By analyzing existing cross correlation between Marine Products and PTWOW Old, you can compare the effects of market volatilities on Marine Products and PTWOW Old and check how they will diversify away market risk if combined in the same portfolio for a given time horizon. You can also utilize pair trading strategies of matching a long position in Marine Products with a short position of PTWOW Old. Check out your portfolio center. Please also check ongoing floating volatility patterns of Marine Products and PTWOW Old.
Diversification Opportunities for Marine Products and PTWOW Old
-0.16 | Correlation Coefficient |
Good diversification
The 3 months correlation between Marine and PTWOW is -0.16. Overlapping area represents the amount of risk that can be diversified away by holding Marine Products and PTWOW Old in the same portfolio, assuming nothing else is changed.

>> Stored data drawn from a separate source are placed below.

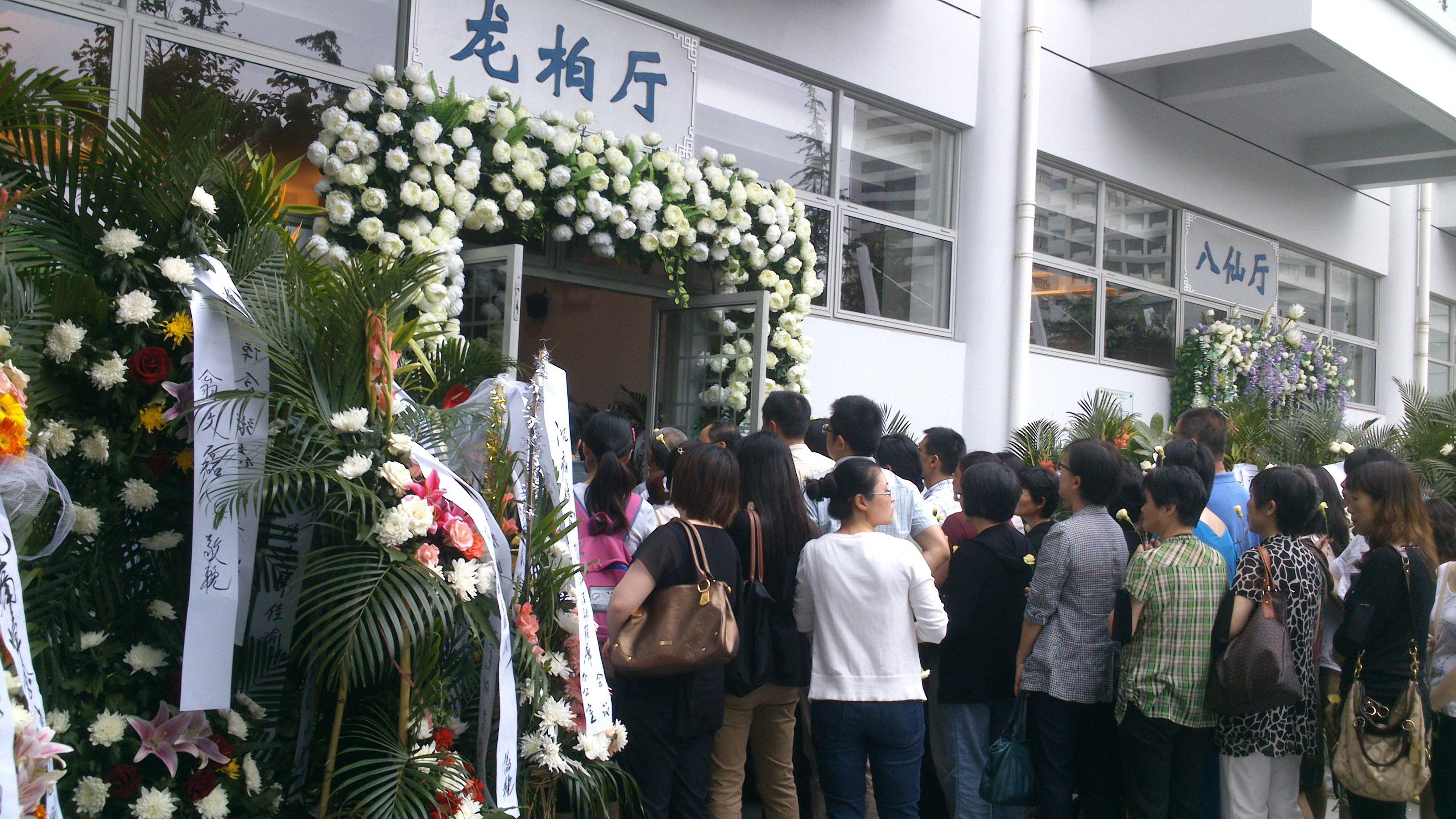 龙华殡仪馆龙柏厅内,庄严肃穆,哀乐低回。大厅中央上方悬挂着黑底白字的横幅“沉痛悼念张志刚同志”,横幅下方是张志刚的遗像,张志刚的遗体安卧在鲜花翠柏丛中。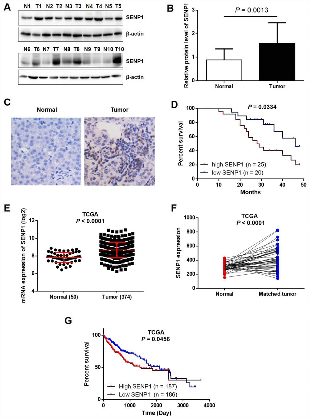 Upregulation of SENP1 in HCC tissues
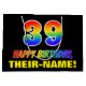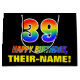 This cheerful, colourful, and fun birthday-themed gift bag design features a large number "39" and the message "HAPPY BIRTHDAY,", both coloured with a rainbow spectrum gradient inspired pattern, along with a bold yellow personalized recipient name. The background is coloured black. A fun birthday themed gift bag like this might be used to wrap a gift or present being given to somebody who is celebrating their 39th birthday. [~Z0000477]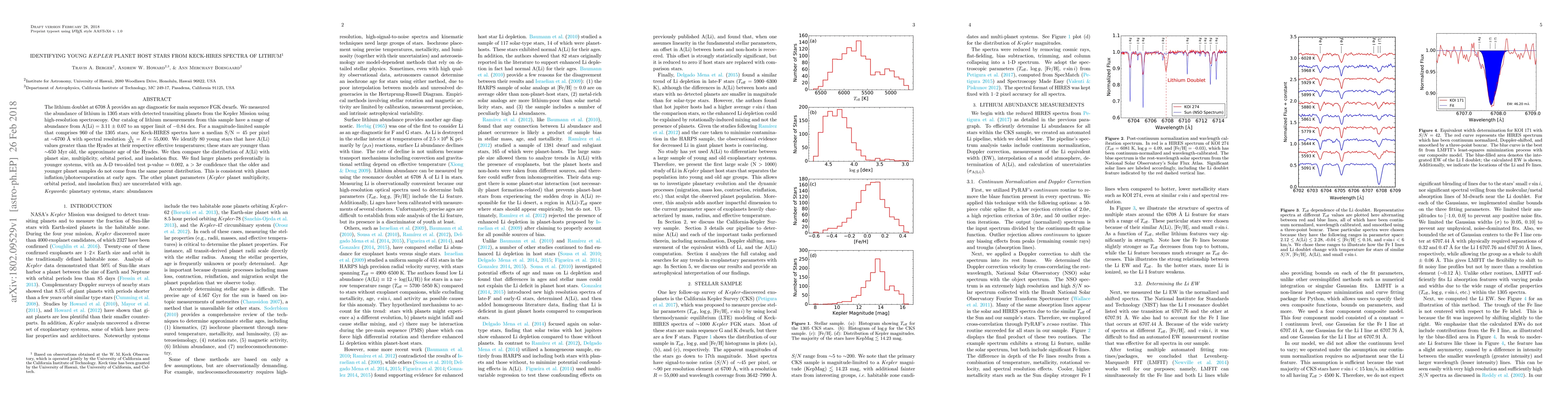 This study uses high-resolution spectroscopy to measure lithium abundance in 1305 Kepler planet host stars, identifying 80 young stars younger than 650 Myr. Larger planets are found preferentially in younger systems, suggesting planet inflation/photoevaporation in early stellar ages, while other planet parameters show no correlation with age.

The correlation between historical prices or returns on PTWOW Old and Marine Products is a relative statistical measure of the degree to which these equity instruments tend to move together. The correlation coefficient measures the extent to which returns on Marine Products are associated (or correlated) with PTWOW Old. Values of the correlation coefficient range from -1 to +1, where. The correlation of zero (0) is possible when the price movement of PTWOW Old has no effect on the direction of Marine Products i.e., Marine Products and PTWOW Old go up and down completely randomly.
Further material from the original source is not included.